On Friday, two women told police that they were about to go into the ATM at the Roche Bros., but [Eric Lee] Siggins was sitting on a bench outside, acting strangely. One of the women saw a handgun in the waistband of his pants and instead of using the ATM they called police, [prosecutor Maggie] Pastuszak said.

A wise decision.

When police arrived, they found Siggins sitting down with legs fully spread and his head down between his legs. He was wearing a hooded sweatshirt with a scarf covering his face, and he never responded to anything they said to them, she said.

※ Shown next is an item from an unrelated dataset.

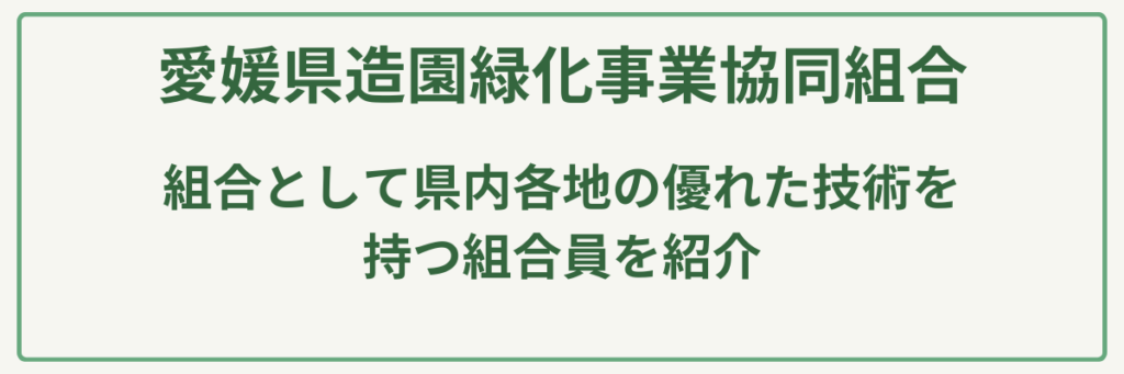 | ポイント | 設立50周年(令和8年度)を迎える愛媛県内最大級の造園ネットワーク/黄綬褒章受章者や1級造園技能士、1級造園施工管理技士などの高度な技術者が多数在籍/伝統的な松の剪定から最新の造園技法まで、専門講習会を通じて技術を磨き続ける職人集団/自治体の補助金制度(生垣・庭作り等)に精通し、申請を含めたトータルアドバイスが可能/県内全域をカバーする組合員紹介により、地域に密着した迅速かつ丁寧な施工を実現 |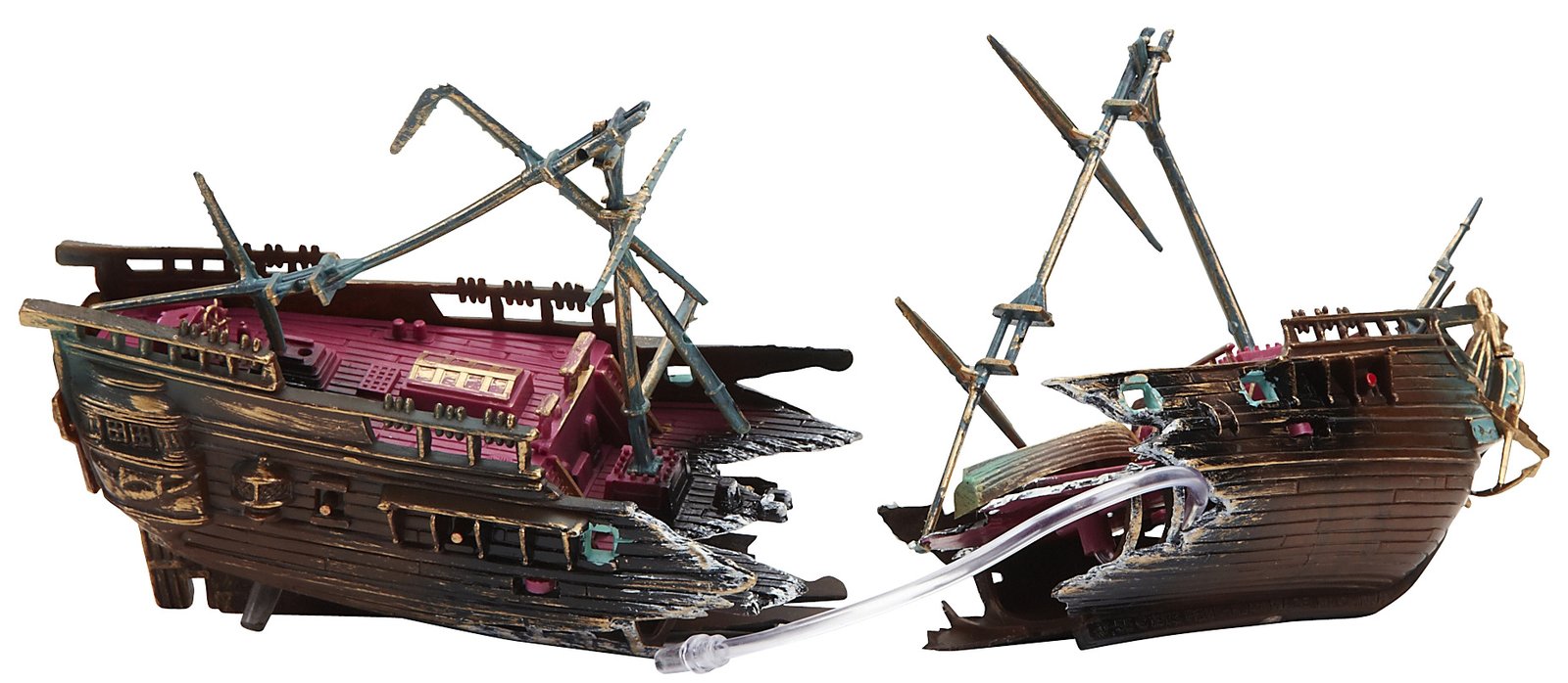 The Penn-Plax Split Shipwreck brings your aquarium to life. This ornament does more than enhance the look of your underwater environment, it also features realistic motion to add additional dimension. Requires the use of an air pump and a gang valve. Measures approx 10 x 7 inch

“He refused to take his hands from the pockets,” said Pastuszak. “His hands had to be physically removed.”

As police tried to get Siggins to remove his hands, a gun fell from his pants. The weapon was a BB gun made to look like a real gun, the prosecutor said.

Doh!

In his pocket they found handcuffs, the [duct] tape, a razor-bladed knife and the string, Pastuszak said.

Hmm.

Police charged Siggins, of 145 South Main St., with attempting to commit armed robbery, resisting arrest and disorderly conduct. Pastuszak told Judge Robert Greco that she expects a carrying a dangerous weapon charge to be added.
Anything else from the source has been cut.